Alors oui, Liberman l’apprenti facho, est bel et bien ministre des Affaires étrangères, mais il est plus grave de voir le retour, à mon sens, des ultras-orthodoxes du Shass au portefeuille de l’Intérieur (état civil etc.). Il est plus dangereux de voir des alliances contre-nature (Liberman le laïc + Ishai l’ultra religieux ou Liberman l’apprenti facho + Barak la pseudo colombe) se former car, loin de me convaincre qu’il est question de l’intérêt national (cela fait 15 ans qu’on assiste à des gouvernements d’union nationale), il s’agit bel et bien de la plus triste démonstration de tentative de la politique non pas de la chaise vide mais de la chaise toujours pleine quoiqu’il arrive. Tout semble bon dans notre pays pour avoir un poste, des responsabilités, un chauffeur, une voiture de fonction, des budgets, un garde-du-corps, des secrétaires, une visibilité à la télévision etc.

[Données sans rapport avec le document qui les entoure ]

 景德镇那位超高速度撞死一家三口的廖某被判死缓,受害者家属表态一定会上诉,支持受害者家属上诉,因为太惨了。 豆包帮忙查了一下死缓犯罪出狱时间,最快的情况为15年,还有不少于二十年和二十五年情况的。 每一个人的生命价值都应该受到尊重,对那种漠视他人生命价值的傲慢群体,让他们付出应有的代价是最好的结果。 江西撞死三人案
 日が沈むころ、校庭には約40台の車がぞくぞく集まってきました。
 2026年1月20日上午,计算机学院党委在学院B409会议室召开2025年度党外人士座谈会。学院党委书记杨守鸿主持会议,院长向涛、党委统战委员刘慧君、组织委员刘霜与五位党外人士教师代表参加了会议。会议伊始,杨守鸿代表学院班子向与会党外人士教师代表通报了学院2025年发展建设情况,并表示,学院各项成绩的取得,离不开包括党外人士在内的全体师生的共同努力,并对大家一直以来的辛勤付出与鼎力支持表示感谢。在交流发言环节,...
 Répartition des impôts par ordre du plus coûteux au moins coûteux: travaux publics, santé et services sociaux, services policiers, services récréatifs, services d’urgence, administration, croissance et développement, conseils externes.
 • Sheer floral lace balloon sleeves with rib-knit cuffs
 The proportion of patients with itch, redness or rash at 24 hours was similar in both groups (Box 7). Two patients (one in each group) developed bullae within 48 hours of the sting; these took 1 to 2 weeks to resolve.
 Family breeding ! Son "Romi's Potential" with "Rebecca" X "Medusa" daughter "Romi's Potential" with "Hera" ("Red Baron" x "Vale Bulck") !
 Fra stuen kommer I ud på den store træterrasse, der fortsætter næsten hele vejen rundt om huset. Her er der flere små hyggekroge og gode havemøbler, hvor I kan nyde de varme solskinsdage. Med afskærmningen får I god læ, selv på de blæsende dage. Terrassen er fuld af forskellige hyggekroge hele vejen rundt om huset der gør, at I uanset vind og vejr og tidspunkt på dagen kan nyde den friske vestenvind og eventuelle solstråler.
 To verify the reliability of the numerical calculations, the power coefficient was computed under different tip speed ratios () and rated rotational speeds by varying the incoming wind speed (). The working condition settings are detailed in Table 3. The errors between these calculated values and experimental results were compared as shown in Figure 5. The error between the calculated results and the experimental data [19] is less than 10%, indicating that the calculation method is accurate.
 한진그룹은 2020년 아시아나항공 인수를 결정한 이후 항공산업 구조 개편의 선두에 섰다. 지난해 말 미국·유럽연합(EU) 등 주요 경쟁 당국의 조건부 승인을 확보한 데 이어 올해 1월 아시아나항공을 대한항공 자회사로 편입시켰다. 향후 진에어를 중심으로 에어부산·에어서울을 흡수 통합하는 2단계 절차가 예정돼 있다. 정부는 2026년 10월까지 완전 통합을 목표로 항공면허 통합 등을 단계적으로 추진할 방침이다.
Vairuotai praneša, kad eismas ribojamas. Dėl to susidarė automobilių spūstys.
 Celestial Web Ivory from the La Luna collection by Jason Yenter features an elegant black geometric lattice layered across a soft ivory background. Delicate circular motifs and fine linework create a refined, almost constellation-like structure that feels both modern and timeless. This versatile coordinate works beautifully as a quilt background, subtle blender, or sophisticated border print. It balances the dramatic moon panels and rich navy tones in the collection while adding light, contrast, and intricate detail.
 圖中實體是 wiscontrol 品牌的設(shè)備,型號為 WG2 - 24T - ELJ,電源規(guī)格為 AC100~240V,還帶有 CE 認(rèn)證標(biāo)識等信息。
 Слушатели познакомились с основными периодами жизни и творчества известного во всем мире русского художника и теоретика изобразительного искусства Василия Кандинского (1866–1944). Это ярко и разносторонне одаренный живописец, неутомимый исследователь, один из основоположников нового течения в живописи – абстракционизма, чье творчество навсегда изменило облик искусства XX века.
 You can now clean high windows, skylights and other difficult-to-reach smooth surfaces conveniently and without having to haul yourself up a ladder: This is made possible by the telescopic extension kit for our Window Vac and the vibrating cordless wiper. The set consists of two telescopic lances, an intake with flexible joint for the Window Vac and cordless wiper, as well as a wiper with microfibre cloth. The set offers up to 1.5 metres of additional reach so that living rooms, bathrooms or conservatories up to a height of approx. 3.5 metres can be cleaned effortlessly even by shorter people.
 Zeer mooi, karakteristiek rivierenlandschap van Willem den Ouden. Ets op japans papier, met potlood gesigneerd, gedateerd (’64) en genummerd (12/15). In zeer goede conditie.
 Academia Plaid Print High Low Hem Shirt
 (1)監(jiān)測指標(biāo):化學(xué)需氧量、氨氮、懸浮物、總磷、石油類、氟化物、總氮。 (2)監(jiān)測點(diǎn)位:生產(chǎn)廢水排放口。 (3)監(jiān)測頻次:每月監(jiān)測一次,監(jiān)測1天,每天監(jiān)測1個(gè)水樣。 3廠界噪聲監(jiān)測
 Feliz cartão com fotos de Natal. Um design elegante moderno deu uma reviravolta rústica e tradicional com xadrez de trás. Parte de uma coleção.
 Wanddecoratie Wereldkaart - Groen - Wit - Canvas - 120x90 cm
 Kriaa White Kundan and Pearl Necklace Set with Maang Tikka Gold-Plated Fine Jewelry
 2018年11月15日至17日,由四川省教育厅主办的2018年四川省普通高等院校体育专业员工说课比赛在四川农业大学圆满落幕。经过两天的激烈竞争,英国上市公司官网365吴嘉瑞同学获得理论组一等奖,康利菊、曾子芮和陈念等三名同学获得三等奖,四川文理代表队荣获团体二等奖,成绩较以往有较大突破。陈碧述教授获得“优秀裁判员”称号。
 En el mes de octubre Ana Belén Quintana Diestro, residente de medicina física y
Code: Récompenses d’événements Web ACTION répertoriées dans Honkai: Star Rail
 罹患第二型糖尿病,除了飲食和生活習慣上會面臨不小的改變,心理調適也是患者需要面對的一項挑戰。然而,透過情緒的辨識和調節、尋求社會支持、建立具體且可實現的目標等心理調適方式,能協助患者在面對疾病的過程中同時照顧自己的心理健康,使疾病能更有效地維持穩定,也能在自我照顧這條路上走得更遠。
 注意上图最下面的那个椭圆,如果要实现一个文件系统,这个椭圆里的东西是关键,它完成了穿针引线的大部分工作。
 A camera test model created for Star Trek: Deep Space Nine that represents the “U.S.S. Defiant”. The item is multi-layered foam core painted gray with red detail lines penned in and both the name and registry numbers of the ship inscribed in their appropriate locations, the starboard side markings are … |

Oui, il est vrai également, que le parti centriste Kadima est arrivé en tête des dernières élections israéliennes mais il est revenu au leader du second plus important parti de composer le nouveau gouvernement à Jérsualem, car il en est ainsi du système politique en Terre sainte : celui qui est le plus à même de monter une coalition est choisi par le Président et ce, quelque soient les résultats de la consultation du peuple. Les Faucons étaient plus nombreux que les Colombes et c’est donc l’ancien Premier ministre de retourner aux commandes allié à tous ceux qui étaient prêts à le soutenir, laissant l’opposition à Tsipi Livni et aux partis arabes. Le résultat est un drame. Un gouvernement sans identité. Tout le monde y siège, enfin presque.
Et puis, il est plus triste à mes yeux de voir, à l’heure où les chancelleries du monde entier tentent par tous les moyens possible de faire des économies en marge d’une crise économico-financière des plus terribles, Jérusalem présenter le plus “riche” gouvernement de son histoire et quand je dis riche, je ne parle pas d’apport politique mais de charges. Pas moins de 30 ministres composent le cabinet Netenyahou II (la moitié de sa coalition !) alors que des centaines de milliers d’Israéliens sont désormais livrer à la misère d’un chômage nouveau ou persistant.
Les temps ne sont pas simples en Israël ces derniers temps, mais le sont-ils au final ? A chacun sa croix, à chacun ses enjeux, ses désirs. Depuis le 1er avril, non ce n’est pas une blague, les Israéliens et d’une certaine manière les Palestiniens sont dirigés par un gouvernement obscure, opaque dont l’avenir demeure du moins complexe pour ne pas dire incertain.